Every year, one out of five American families moves. This could be for any number of reasons - maybe your family needs to relocate for a job transfer or financial matters, or perhaps you are just moving into another house in the same town. No matter what the reason, moving can be a hard time for children, who often thrive in an environment of familiarity and habit. Read on for a few tips on how to ease their anxiety about moving.
- Tell your child about the move ASAP: From the time you consider moving to the time you finalize the move, let your child know what is going on. Being “in the loop” not only makes your child feel like they are part of the decision making process but also gives your child more time to prepare himself/herself for the move.
- Listen for their opinions: Depending on their age and personalities, your child may have issues about the move that can evoke a variety of feelings, and it is your job to lend an ear to these issues. Preschool children are usually worried about being left behind, separated from their parents, or losing toys. Preteens are often concerned about not being able to participate in familiar activities or visit familiar places. Teenagers are the toughest group, and they are almost always most worried about the change in their social lives, as they have invested a significant amount of their time finding a niche in their current social environment.

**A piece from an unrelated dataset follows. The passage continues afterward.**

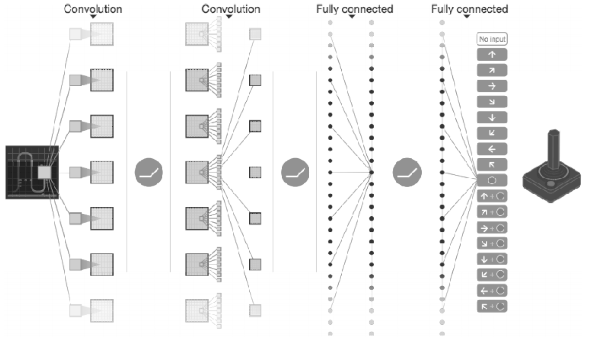 DQN 연구 중에는 비디오 게임을 자율 학습시켜 사람을 뛰어넘는 수준의 조작을 실현한 사례가 있다. [그림 8-26]과 같이 DQN에서 사용하는 CNN은 게임 영상 프레임(4개의 연속한 프레임)을 입력하여 최종적으로는 게임을 제어하는 움직임에 대하여 각 동작의 ‘가치’를 출력한다.

- Maintain an optimistic outlook: Much of the fear of moving to a new place is drawn from not knowing what life will be like in the new environment. Another factor that contributes to this uncertainty is that a move is often combined with some type of significant change in your professional or personal life, like a job transfer or change in marital status. Even if you are not happy about certain aspects of the move, keep a positive attitude about it. Your child will be looking towards you for reassurance.
- Document the past: Assist your child with obtaining the contact information of current friends and playmates. Before you move, take a few trips to your child’s favorite spots around town and take plenty of pictures or videos to preserve fond memories. Another good idea is to take pictures of your child’s room in order to be able to recreate parts of it in your new home.

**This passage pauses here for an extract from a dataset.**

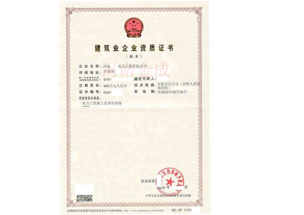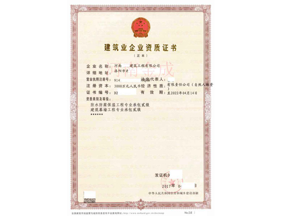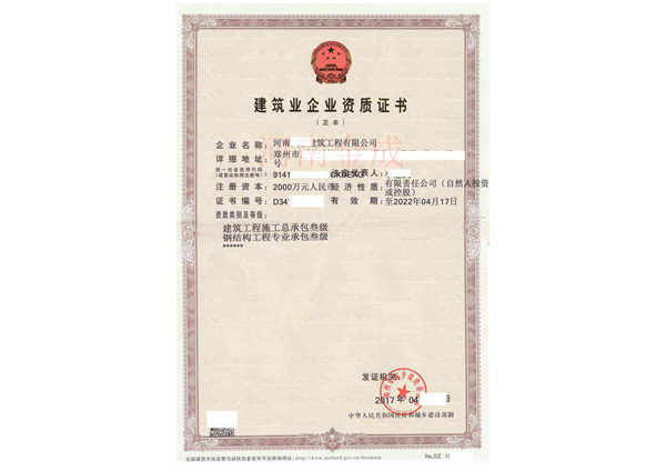 • 建筑業企業資質證書副

- Set up future activities: Give your child information about the opportunities in the new town, especially opportunities related to activities that he/she is already participating in. If your daughter is taking ballet classes in your current city, take her to visit the local dance studio in your new city. Also show your child around the recreational areas of the new city.
The prospect of moving to an unfamiliar place with different people can be a very intimidating experience for your child, but good can come from this change. Use this shared adversity as an opportunity to take more of an active role in your child’s life and bring your family closer together.